◆ TASK DATA
━━━━━━━━━━━━━━━━━━━━━━━━━━━━━━
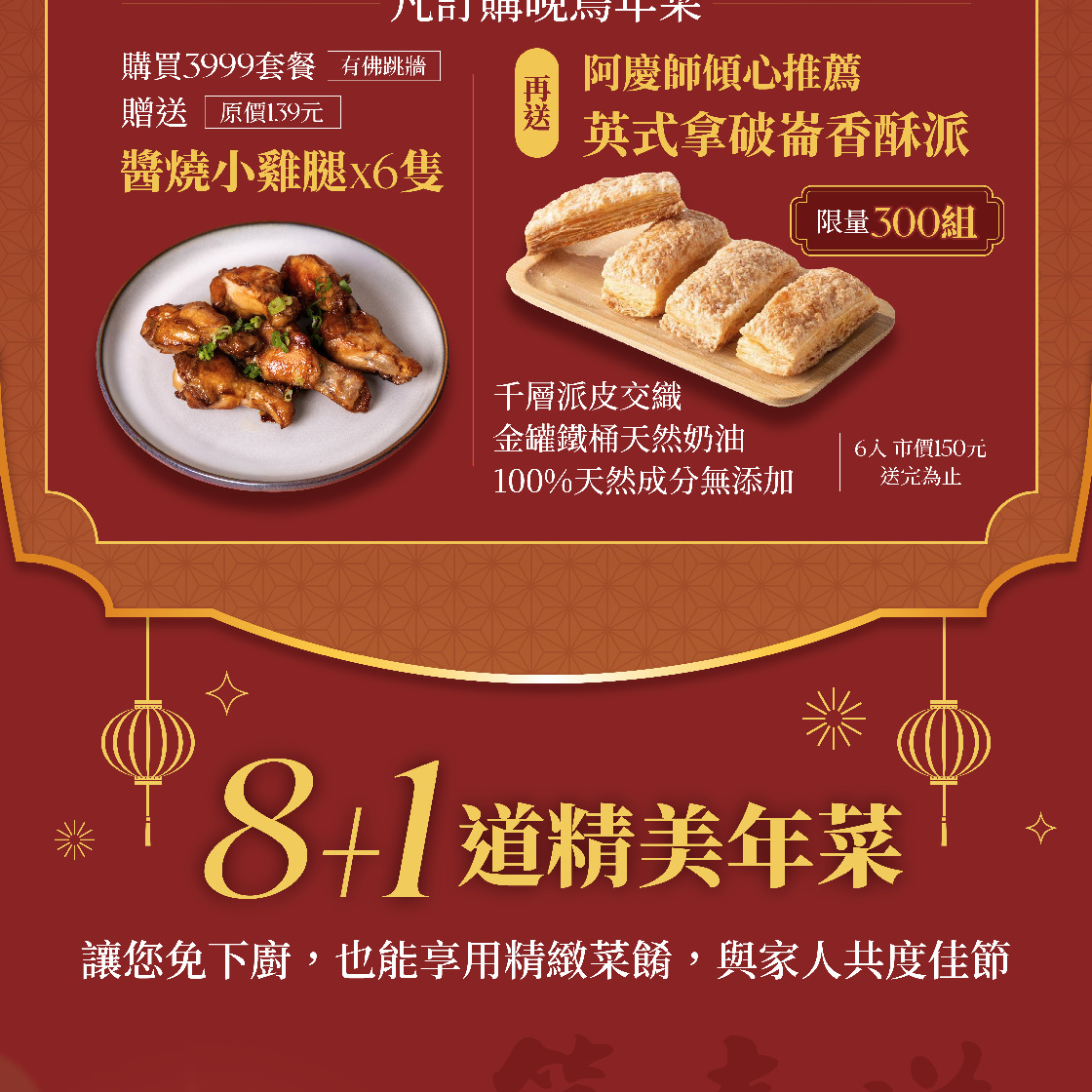 成分:小雞腿(產地:台灣)、阿慶師黑豆醬油(黑豆、蔗糖、食鹽、轉化液糖(蔗糖、水))、味醂(水、糯米、米麴、葡萄糖、酵母精粉、鹽)、糖、蒜、啤酒、米酒(米、水)、鹽、五香粉、烏醋、白胡椒粉
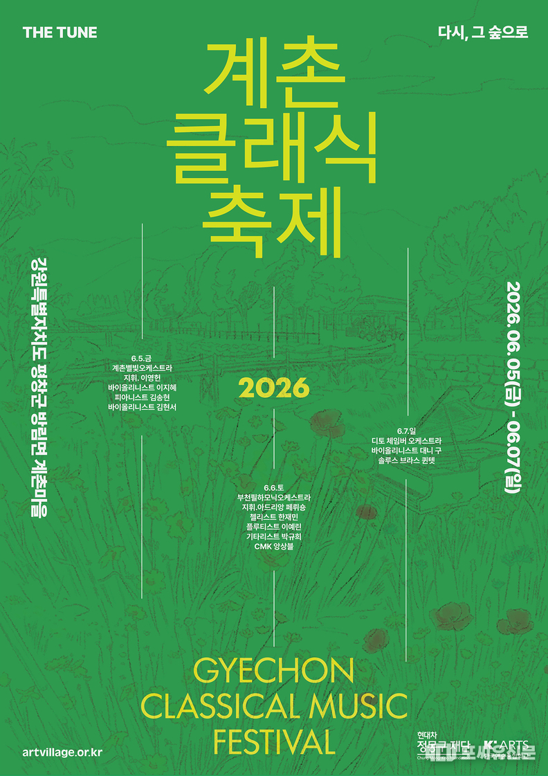 [포씨유신문=박윤희 기자] 현대차 정몽구 재단이 주최하고 한국예술종합학교가 주관하며 강원특별자치도 평창군이 함께하는 ‘계촌 클래식 축제’가 6월 5일부터 7일까지 3일간 계촌클래식마을에서 열린다.
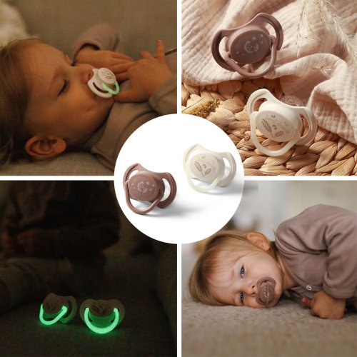 Symetrický silikónový cumlík upokojí vaše bábätko a dopraje vám chvíľku odpočinku. Sploštená špička po oboch stranách sa dokonale prispôsobí ústam dieťaťa a podporuje správny vývoj chrupu a polohu jazyka. Profilovaný štítok s otvormi umožňuje voľné dýchanie nosom a zaisťuje cirkuláciu vzduchu okolo úst. Náustok je vyrobený z hypoalergénneho, bezpečného silikónu, ktorý je odolný voči poškodeniu a neobsahuje BPA. Súprava obsahuje 2 cumlíky pre deti vo veku 18+ mesiacov – jeden na denné použitie a jeden so svietiacou rukoväťou, ideálny na nočné upokojenie.
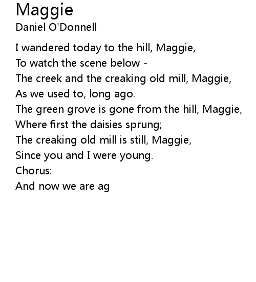 | The creaking old mill is still, Maggie, | |
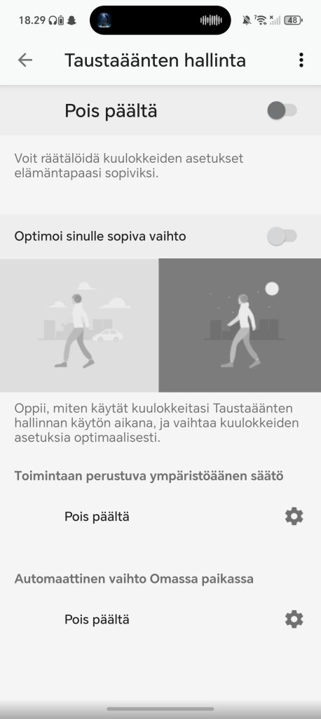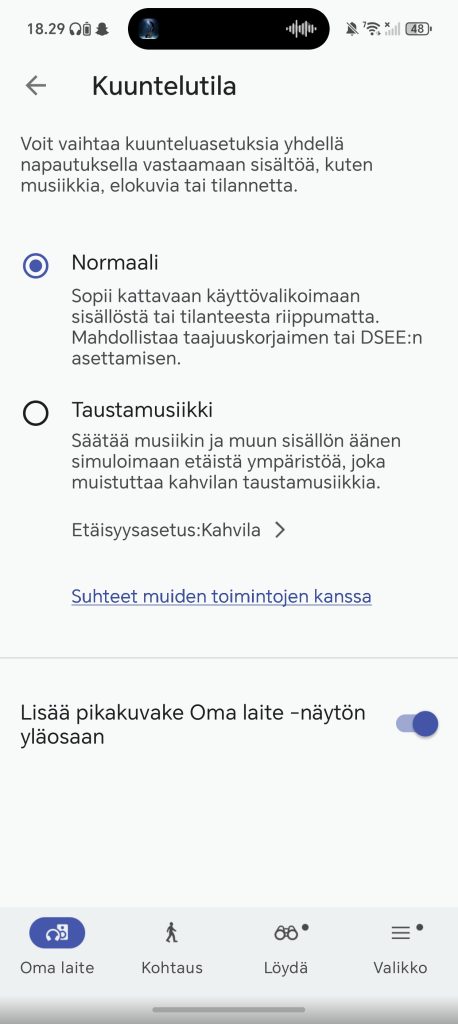 Mukana on myös taustamusiikkiefekti, joka luo vaikutelman etäämmältä tulevasta äänestä ja sopii esimerkiksi rennompaan kuunteluun tai keskittymistä vaativiin tilanteisiin. Itselle tämä ominaisuus oli vain hauska kokeilu, eikä se sopinut minulle päivittäistä käyttöä varten.
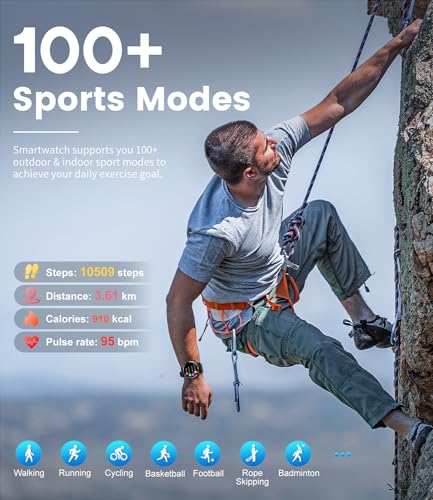 100+ Sports Modes and IP68 Waterproof: Engage in over 100 sports modes including running, yoga, and cycling. The watch tracks real-time data such as heart rate, steps, calories, and distance. Its IP68 waterproof rating ensures durability during outdoor activities and under various weather conditions.
━━━━━━━━━━━━━━━━━━━━━━━━━━━━━━
◆ WHAT TO WORK ON
Please give again, word for word, the lines from the one containing "Maggie, | |" through the last line of the listing above, inclusive, and leave out pictures.

◆ SOLUTION BELOW
 | The creaking old mill is still, Maggie, | |
 Mukana on myös taustamusiikkiefekti, joka luo vaikutelman etäämmältä tulevasta äänestä ja sopii esimerkiksi rennompaan kuunteluun tai keskittymistä vaativiin tilanteisiin. Itselle tämä ominaisuus oli vain hauska kokeilu, eikä se sopinut minulle päivittäistä käyttöä varten.
 100+ Sports Modes and IP68 Waterproof: Engage in over 100 sports modes including running, yoga, and cycling. The watch tracks real-time data such as heart rate, steps, calories, and distance. Its IP68 waterproof rating ensures durability during outdoor activities and under various weather conditions.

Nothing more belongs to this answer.